No matter where we look, the same rules apply everywhere in space: countless calculations of astrophysics are based on this basic principle. A recent study by the Universities of Bonn and Harvard, however, has thrown this principle into question. Should the measured values be confirmed, this would toss many assumptions about the properties of the universe overboard. The results are published in the journal Astronomy & Astrophysics, but are already available online.

Since the big bang, the universe has swollen like a freshly formed raisin roll put in a warm place to rise. Until recently, it was thought that this increase in size was occurring evenly in all directions, as with a good yeast dough. Astrophysicists call this “isotropy.” Many calculations on the fundamental properties of the universe are based on this assumption. It is possible that they are all wrong — or at least, inaccurate — thanks to compelling observations and analyses of the scientists from the Universities of Bonn and Harvard.

For they have put the isotropy hypothesis to the test for the first time with a new method that allows more reliable statements than before. With an unexpected result: According to this method, some areas in space expand faster than they should, while others expand more slowly than expected. “In any case, this conclusion is suggested by our measurements,” states Konstantinos Migkas, from the Argelander Institute for Astronomy at the University of Bonn.

University of Bonn, “Doubts about basic assumption for the universe” at ScienceDaily

Paper. (open access)

Our physics color commentator Rob Sheldon offers some thoughts below:


Just a few quick observations on this news item:

1) Isotropy is the assumption that there are no processes in the universe that show a preferred direction, or, that all such processes that show a preferred direction are thoroughly mixed and we cannot observe them.

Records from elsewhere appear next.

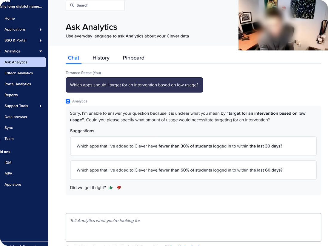 Observe how district admins interacted with AI analytics and how well it responded to their prompts.
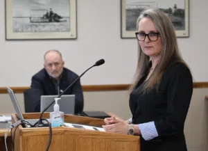 Jodi Smith, executive director of the North Dakota Retirement and Investment Office, listens to a lawmaker’s question during a meeting of the Legacy and Budget Stabilization Fund Advisory Board on Oct. 22, 2025. (Photo by Jacob Orledge/North Dakota Monitor)
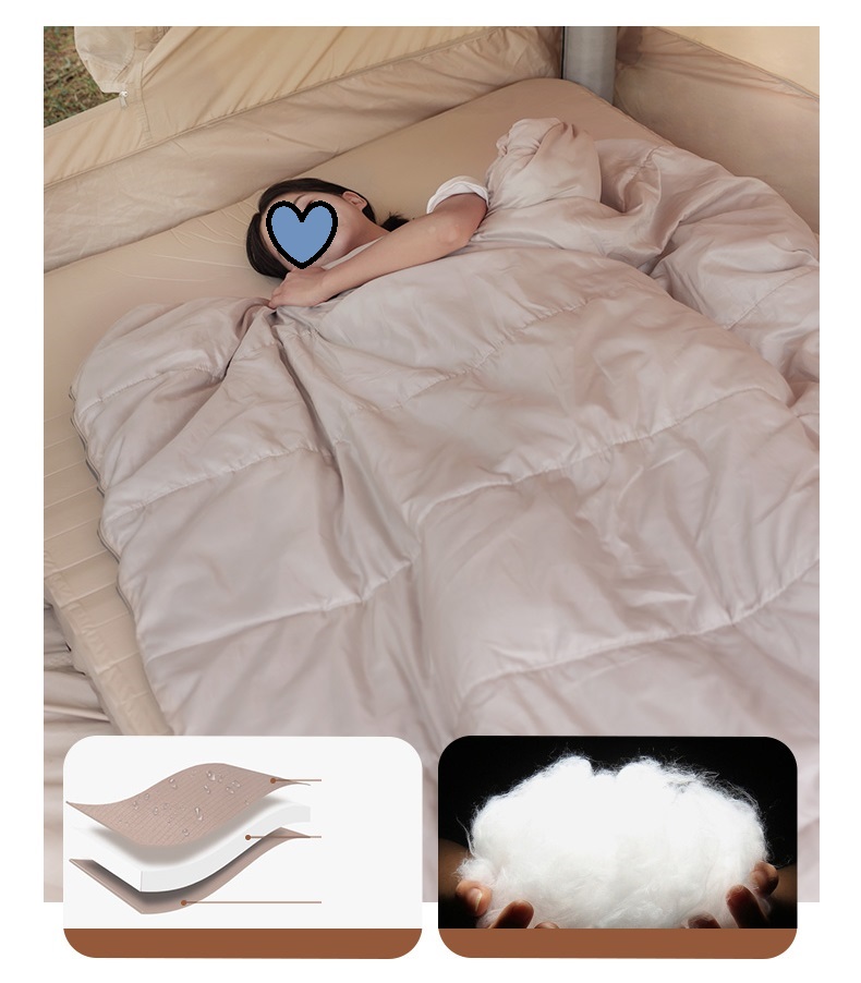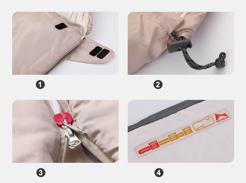 素材構成 側生地:さらさら高密度生地(ポリエステル100%) 撥水コーディング、耐裂性と速乾性に優れています。内生地:肌触りが良いソフト生地(ポリエステル100%)、柔らかくて快適な素材で、いつでも寝袋に入ると暖かい感じがします。中綿:防寒性能に優れたシルクコットンを採用しています。肌触りと寝心地がよいです。
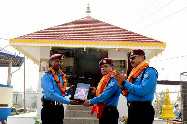 काठमाडौं उपत्यका प्रहरी कार्यालय रानीपोखरीका प्रमुख, प्रहरी अतिरिक्त महानिरीक्षक टेक बहादुर तामाङले प्रहरी वृत्त कीर्तिपुरमा नव:निर्मित नवदुर्गा भगवती मन्दिरको आज उद्घाटन गर्नु भएको हो। प्रहरी वृत्त कीर्तिपुरका प्रहरी र स्थानीय जनसमुदायको सहयोगमा सम्पूर्ण लागत ४ लाख ६१ हजार ७५६ रुपैयामा नव:निर्मित नवदुर्गा भगवती मन्दिरको निर्माण कार्य सम्पन्न भएको थियो ।
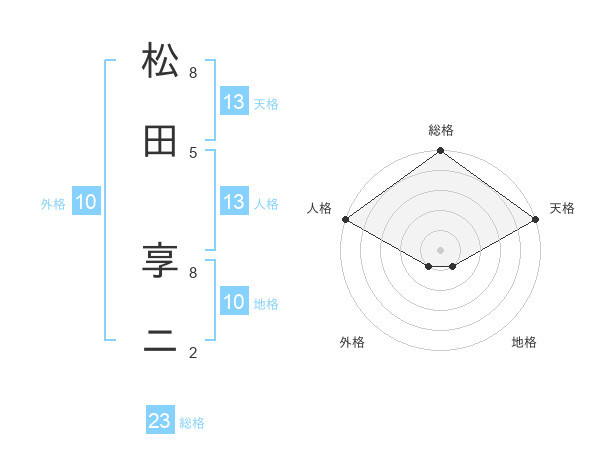 松田 享ニさんの天格は13画の5点!

For example, the people in a crowd have eyes on the front of them which is a preferred direction. If we demand isotropy, then when we take a drone picture of a big crowd, there should be just as many looking east as west, north, or south. There’s no preferred direction, unless of course, we’re photographing a rock concert. So the demand for isotropy is less a statement about the laws of physics, as it is a statement about the necessity of randomness.

Then the results of this galaxy survey have probably very little to do with the “laws of physics” and everything to do with “the assumption of isotropy”.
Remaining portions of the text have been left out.